> **PROBLEM TO WORK ON**
Your task is to copy the listing exactly, with the pictures left out.

::::::::::

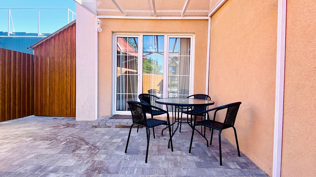 К вашим услугам кондиционер, отдельная ванная комната и удобный столик под навесом.
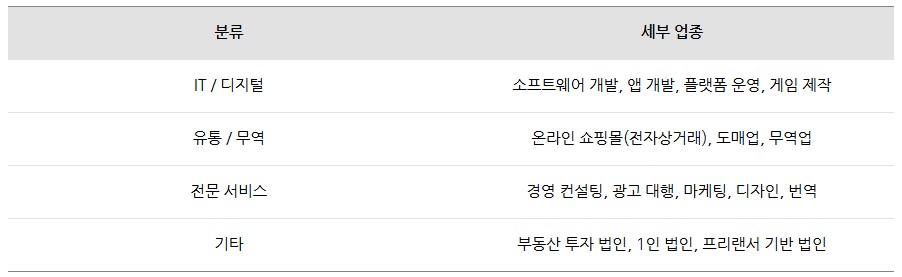특별한 시설 규정이 없고 재택·원격 근무가 용이한 업종은 대부분 문제없이 승인됩니다.
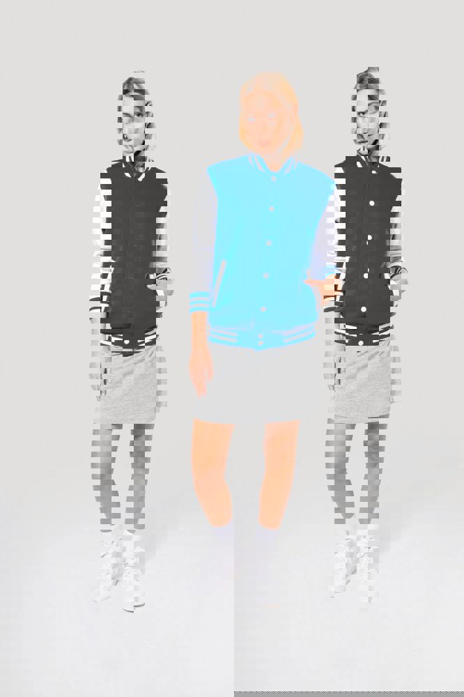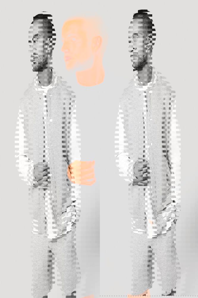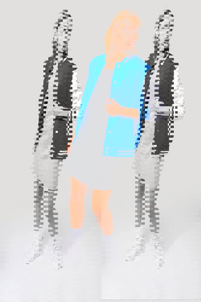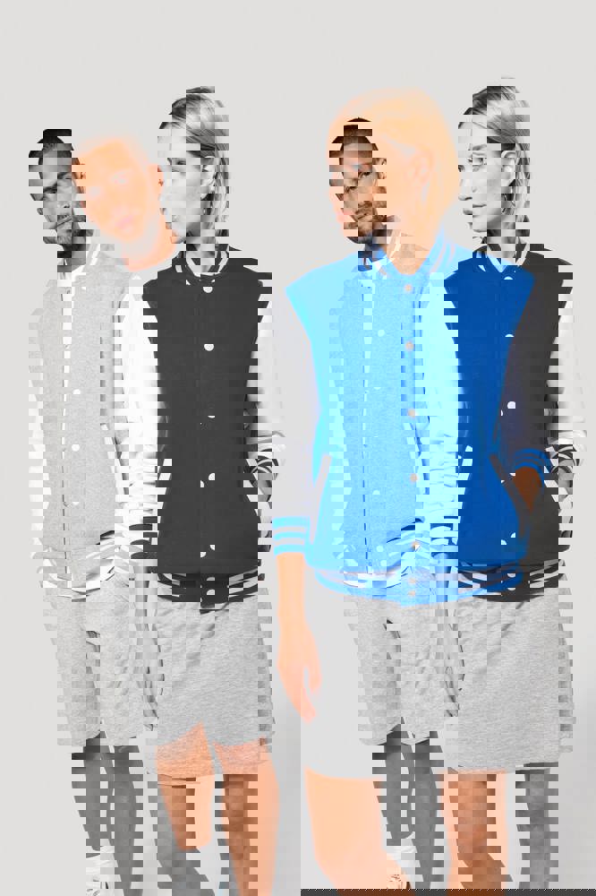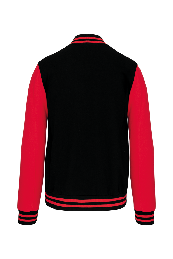 70% katoen / 30% polyester. Geborsteld fleece 3 draden. Contrasterende ingezette mouwen. Sluiting aan de voorkant met contrasterende drukknopen. Ribboord met 2 contrasterende biesjes aan kraag, mouwen en onderkant. 2 contrasterende omzoomde zakken aan de voorkant. Nektape met visgraatmotief en ophanglus in de kraag. Geen merklabel in de kraag, maar enkel een maatlabel voor eenvoudige personalisatie. De legendarische college jacket gaat al vele jaren mee. Hij is alomtegenwoordig: van de straat tot de schoolbanken
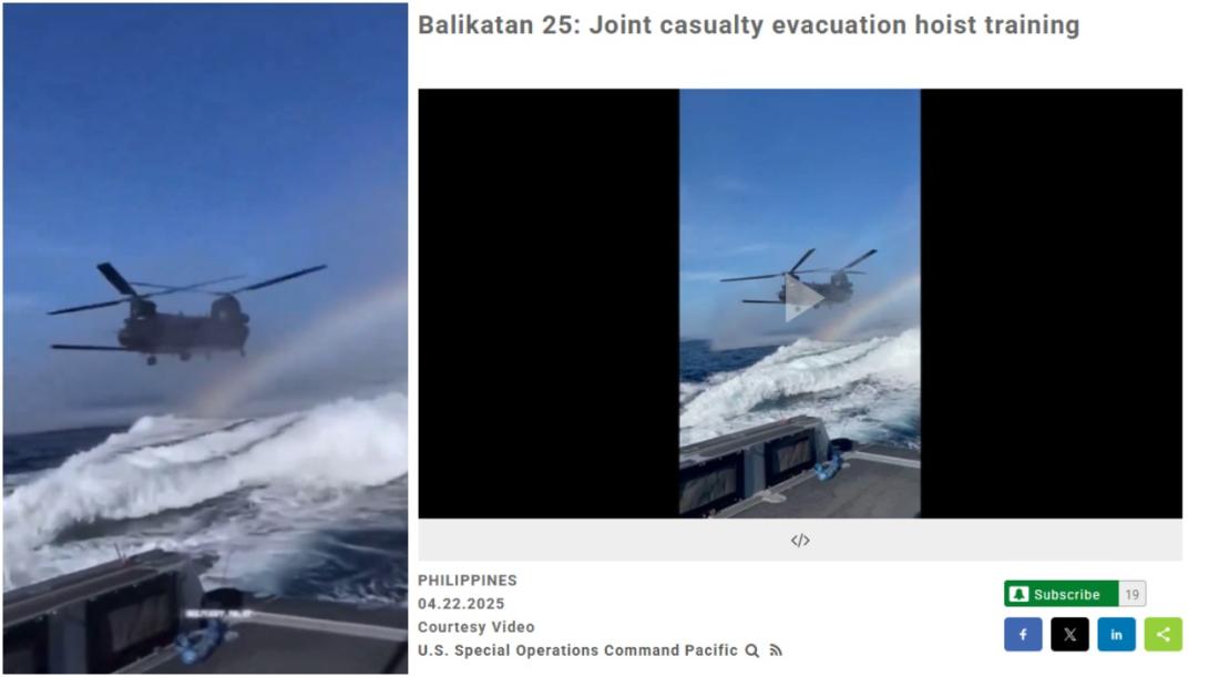 The caption of the June 6, 2025 post says the video shows a "casualty evacuation exercise" in the Philippines' Subic Bay, as part of "Exercise Balikatan 25".
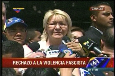 Caracas, febrero 13 - La fiscal general de la República, Luisa Ortega Díaz se pronunció nuevamente este jueves desde la sede del Ministerio Público, sobre los hechos violentos ocurridos ayer y aseguró “no tenemos miedo, si vamos a tener justicia pero no puede adaptarse a los caprichos de un ‘grupito’ de personas perturbadoras”.
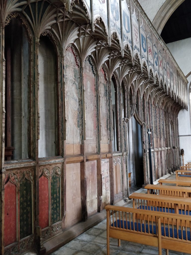 The directories from 1864 and 1890 state that at that time there were still “remains of painted screens at the east ends of the aisles”.
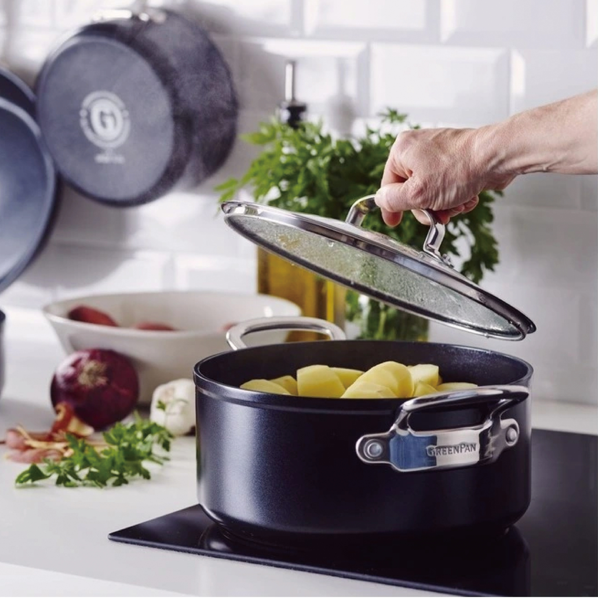 ●材質 [本体]:アルミニウム合金 [底面]:金属溶射構造 [ハンドル]:ステンレス鋼 [蓋]:強化ガラス(前面物理強化)・ステンレス鋼

::::::::::

> **TASK SOLUTION**
 К вашим услугам кондиционер, отдельная ванная комната и удобный столик под навесом.
특별한 시설 규정이 없고 재택·원격 근무가 용이한 업종은 대부분 문제없이 승인됩니다.
 70% katoen / 30% polyester. Geborsteld fleece 3 draden. Contrasterende ingezette mouwen. Sluiting aan de voorkant met contrasterende drukknopen. Ribboord met 2 contrasterende biesjes aan kraag, mouwen en onderkant. 2 contrasterende omzoomde zakken aan de voorkant. Nektape met visgraatmotief en ophanglus in de kraag. Geen merklabel in de kraag, maar enkel een maatlabel voor eenvoudige personalisatie. De legendarische college jacket gaat al vele jaren mee. Hij is alomtegenwoordig: van de straat tot de schoolbanken
 The caption of the June 6, 2025 post says the video shows a "casualty evacuation exercise" in the Philippines' Subic Bay, as part of "Exercise Balikatan 25".
 Caracas, febrero 13 - La fiscal general de la República, Luisa Ortega Díaz se pronunció nuevamente este jueves desde la sede del Ministerio Público, sobre los hechos violentos ocurridos ayer y aseguró “no tenemos miedo, si vamos a tener justicia pero no puede adaptarse a los caprichos de un ‘grupito’ de personas perturbadoras”.
 The directories from 1864 and 1890 state that at that time there were still “remains of painted screens at the east ends of the aisles”.
 ●材質 [本体]:アルミニウム合金 [底面]:金属溶射構造 [ハンドル]:ステンレス鋼 [蓋]:強化ガラス(前面物理強化)・ステンレス鋼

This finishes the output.